然而,就在这极致的疲惫与痛楚深处,一丝微弱却清晰的“嗡”鸣,从肩胛骨深处传来。
紧接着,是双臂的骨骼,是腰背的筋膜……
像是沉睡的弓弦被第一次艰难地拉开,出生涩却坚韧的回应!
与此同时,丹田深处那片被锁灵印死死按住的狂暴劫海,第一次,随着那筋骨的低鸣,主动掀起了一丝微澜!
不再是被动承受淬炼,而是与这笨拙拳架引动的气血筋骨之力,产生了奇异的共鸣!
锁灵印依旧如山,境界表象依旧卑微。
但许靖安躺在泥泞中,染血的嘴角却缓缓扯开一个无声的笑容。
他摊开血肉模糊的手掌,轻轻握紧。
指骨间,那细微的“嗡”鸣,与体内劫海那丝微澜的应和,是比指尖那缕微弱灵力更真实的力量。
千拳筑基,劫海初鸣。
这微不足道的三式,终于为他打开了承载深渊之力的第一道门缝。
“哼!”
识海中燕狂徒的冷哼依旧疲惫,却少了三分刻薄,“勉强听了个响。
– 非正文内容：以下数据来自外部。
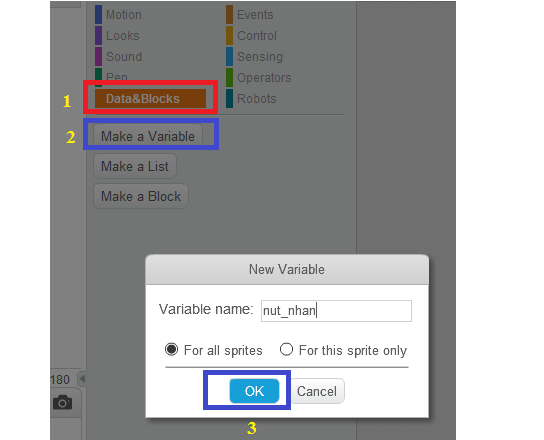 Bước 1: Tạo một biến mới tên “nut_nhan”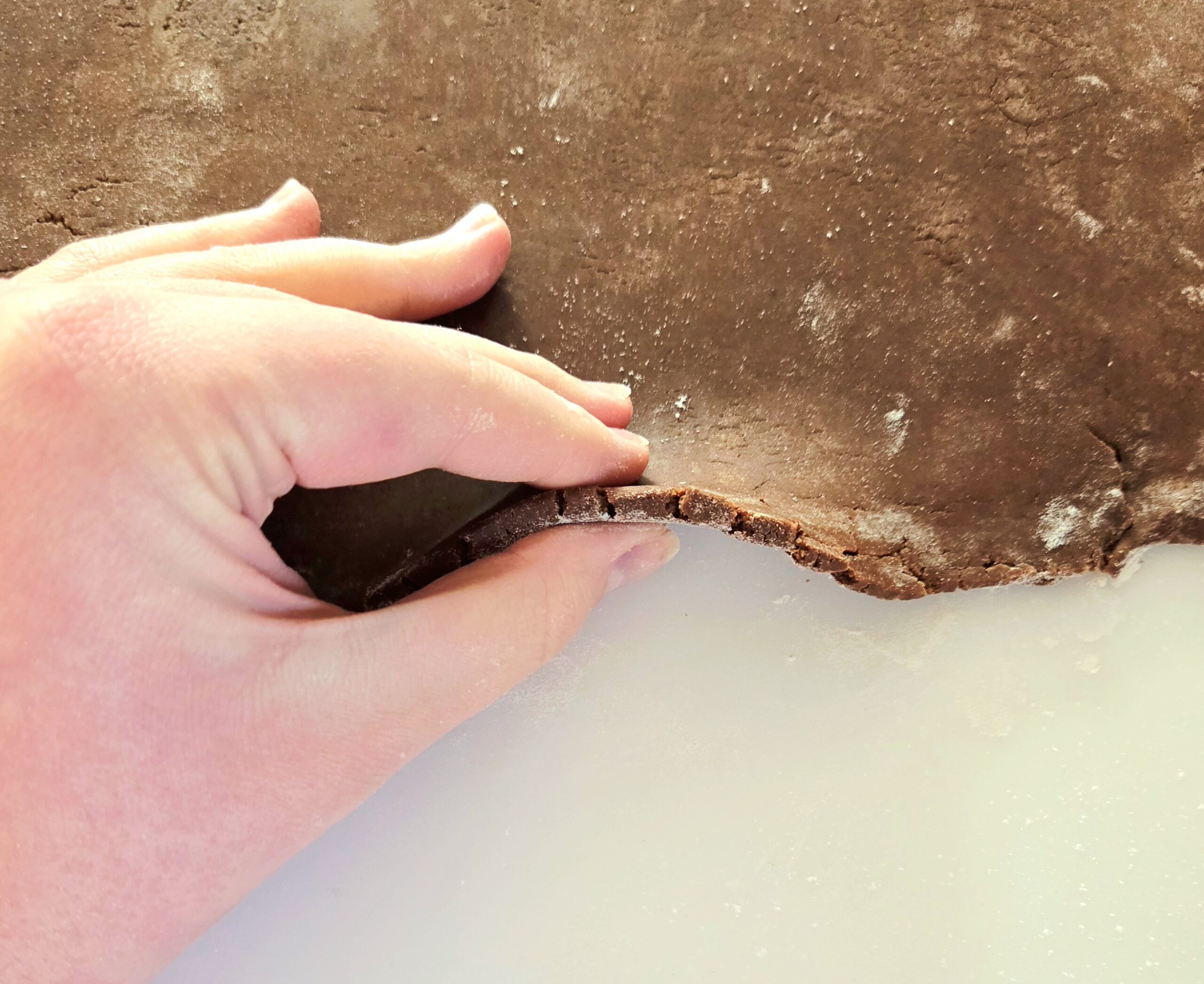 Lay out a large sheet of plastic wrap and dump the dough into the middle of it. Gently press the dough into a large square, around 1-inch in thickness. Tightly wrap it in the plastic wrap so it’s airtight. Place the dough on a flat surface in the fridge, and allow the dough to chill for a minimum of 1 hour. This can be done up to 2 days in advance, just note that the longer it chills, the firmer the dough will get. It may need to sit out for 15-20 minutes if it’s been in for longer than a few hours, to make it easier to roll out.

这点本钱……去送死还是挨揍,就看你那点破烂运气!”
许靖安没应声,默默清理身上昨夜染血的绷带,冷水浇在绽开的皮肉上,刺骨的寒意逼入骨髓。
晨光似乎驱不散竹影居的凝重。
他刚寻出干净的布条准备重新捆扎,一阵异样的喧闹声便透过厚重的竹林传来。
起初是细微的嗡嗡人语,似远方的蜂鸣,接着声音便层层叠叠地滚过来,夹杂着兴奋的呼喊、急促的脚步声、器物的碰撞声,还有隐约可辨的…笑声?
那笑声在浸满湿冷汗气和陈旧血腥的竹影居外炸开,显得突兀又刺耳。
许靖安包扎的动作顿住了,侧耳细听。
这绝不是府中日常的动静,这嘈杂里透着一股按捺不住的热切。
他皱了皱眉,推开练功场那扇吱呀作响的破旧木门,循声望去。
视线所及,是内院通往外府的长廊,此刻竟是人头攒动。
仆役们脚步匆匆,脸上带着少见的忙碌与激动。
许靖安循声踏出竹影居时,沉舟府正门已车马如龙。
八匹雪鬃灵驹拉着鎏金车驾,沉舟负手立于阶前。
长子沉浪正殷勤搀扶苏清雪登车。
她腰腹靛蓝毒痕在晨光下如活蛇扭动,每走一步都渗出细密血珠。
次子沉涛抱剑冷眼旁观。
血玲珑则斜倚车辕把玩半块阴魂令,见许靖安现身,嗓音陡然拔高:“哟,许师兄也想去玄一宗碰运气?可惜选拔需炼气五层修为……”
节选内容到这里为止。